Marking off the playing field
Croquet in the backyard — a favorite memory from my family’s annual trips to Iowa in the heat of summer.
Within an hour or two after piling out of the van, and after we’d had iced tea and cookies in Grandma’s kitchen, we’d tromp out back to set up the croquet with all the hoops and stakes, wooden balls and mallets.
My grandpa would mark off the playing field, his long strides measuring the distance from one hoop to the next.
Then, TOCCKK!, the first ball is struck and the game begins.
Something like this is going on in the second chapter of Tale of Genji. After a fast-paced opener, this chapter settles down and we begin to see how the game is to be played. Genji is now 17 years old and a young captain in the palace guards. He and the other palace residents are confined indoors during early summer rains.
So young Genji ends up holding court with his close friend and two older men.

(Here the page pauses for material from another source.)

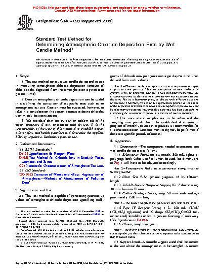 1.1 This test method covers a wet candle device and its use in measuring atmospheric chloride deposition (amount of chloride salts deposited from the atmosphere on a given area per unit time).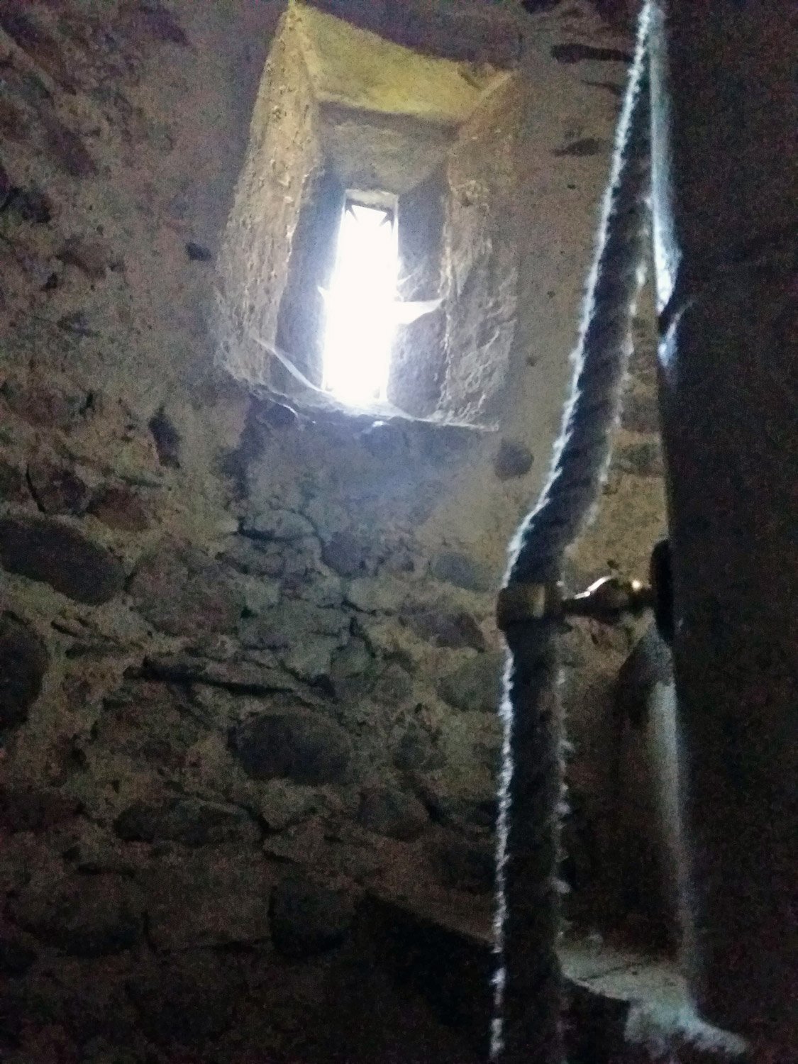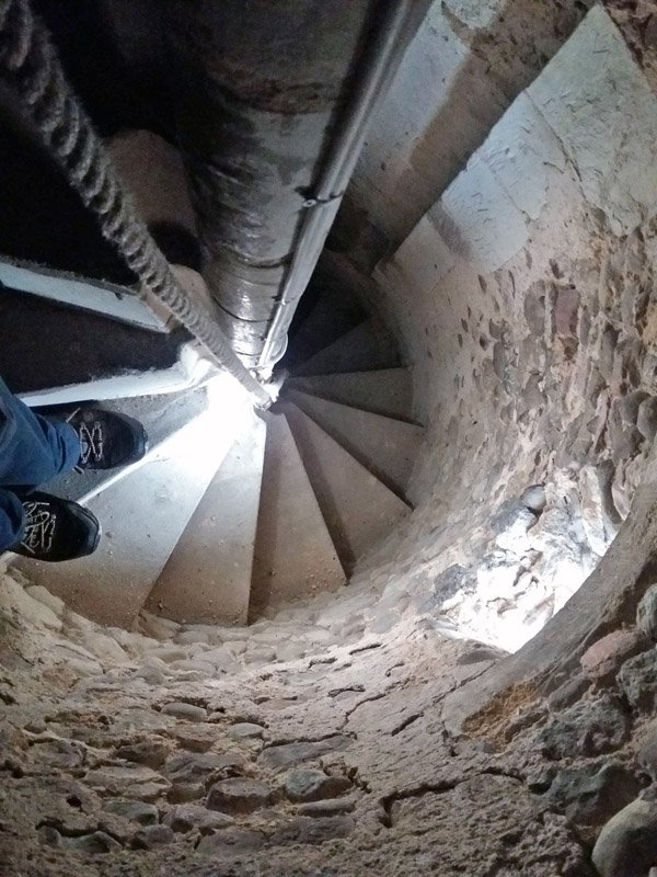 At the top of the staircase looking downwards. There are now electric lights along the way, but relying on the small original windows is so much more atmospheric and is exactly as it would have been at any time back to 1380. As with all steep staircases, spiral or otherwise, going up is harder work but feels much safer than going down.

The four of them start talking about women — the ideal woman, women of rank they’ve observed, and women they’ve known.
I get the impression that the narrator is pacing off the course that will be run through the next 52 chapters — rehearsing what traits are attractive in a woman, which ones are dangerous, and what’s expected of a wife. And although Genji should be paying attention, the narrator points out that he’s found dozing off at intervals while the older men are spouting off conventional wisdom and sharing personal missteps.
As they talk about the ideal woman, we get an idea of how hard it is (impossible, even?) for a real woman to meet the criteria of the day.
For example, it’s the woman’s responsibility to keep her husband faithful — and if he isn’t, she’s the one who needs to fix it. As one of the older gentlemen says, “Most of the time it is the wife’s attitude that helps her husband’s fancies to pass.”
Like croquet, there are definite rules and an order to things that must be followed. Break the rules, and you’re out of luck — back to the starter’s stake. Go through the hoops, and you get to advance.
But I have a feeling that Genji will be one of those players who doesn’t like to play by the rules.